La municipalité de Ouistreham réclame des loyers
Le 22 janvier 2022, les associations de défense des migrants ont ouvert un nouveau lieu de vie dans une maison inoccupée depuis deux ans à Ouistreham, en face du canal de l’écluse. « Un petit escalier à l’extérieur conduit à la pièce de vie, où sont disposés des fauteuils et un canapé-lit. Sur deux étages, 25 couchages au total sont répartis sur des lits superposés, décrit Infomigrants. Une dizaine de personnes, emmitouflées dans des duvets, profitent ce jour-là du chauffage, des toilettes et des douches du lieu de vie. Quelques téléphones sont branchés ici et là dans les chambres. Dans la cuisine, les étagères sont fournies en pâtes, farine, thé et filtres à café. »
Une nouvelle fois, l’expulsion menace les exilés. Le 31 mars dernier, le tribunal judiciaire de Caen a rendu son avis sur la demande d’expulsion formulée par la mairie de Ouistreham. À l’heure de mettre en ligne cet article, notre rédaction n’a pas pu prendre connaissance du sens de cette décision de justice.

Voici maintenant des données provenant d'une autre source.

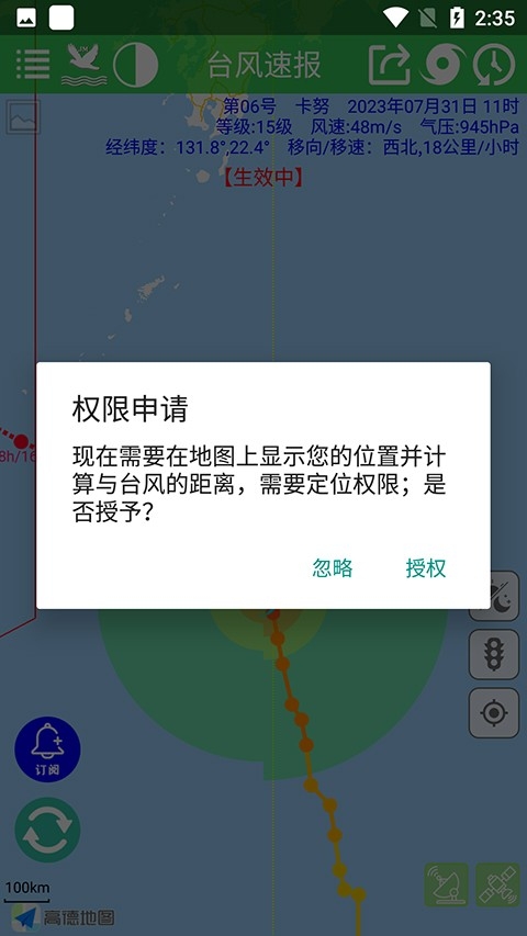 1、当我们想查看台风的风力时,可以点击给予软件的权限;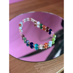 Halskæde med natursten og glasperler på en kraftig og holdbar elastiksnor.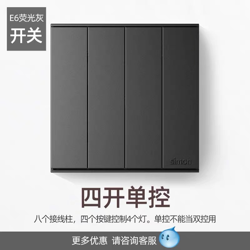 Simone Electric switch socket panel E6 series of fluorescent grey four open four single control switch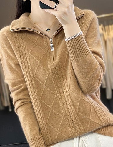 Жен. Вязаная ткань Пуловер Мода На каждый день Чистый цвет Рельефный узор Половина молния Молния Трикотаж Длинный рукав Обычные топы Вязать на открытом воздухе Повседневные выходные Верблюжий

Dans la saisine au tribunal judiciaire, la municipalité avait pointé du doigt les risques de « troubles à l’ordre public » et rappelle avoir signé une convention pour transformer la maison en bureaux et les louer 500 euros par mois à la société Éoliennes Offshore du Calvados. La ville réclame notamment aux migrants le montant des loyers qu’elle aurait dû percevoir depuis janvier 2022.
Le maire de Ouistreham, Romain Bail, a déjà été condamné en septembre 2019 pour avoir verbalisé de manière abusive des bénévoles qui venaient en aide aux réfugiés sur le territoire de sa commune. En octobre, l’élu a annoncé avoir quitté Les Républicains pour rejoindre Horizons, le nouveau parti fondé par Édouard Philippe.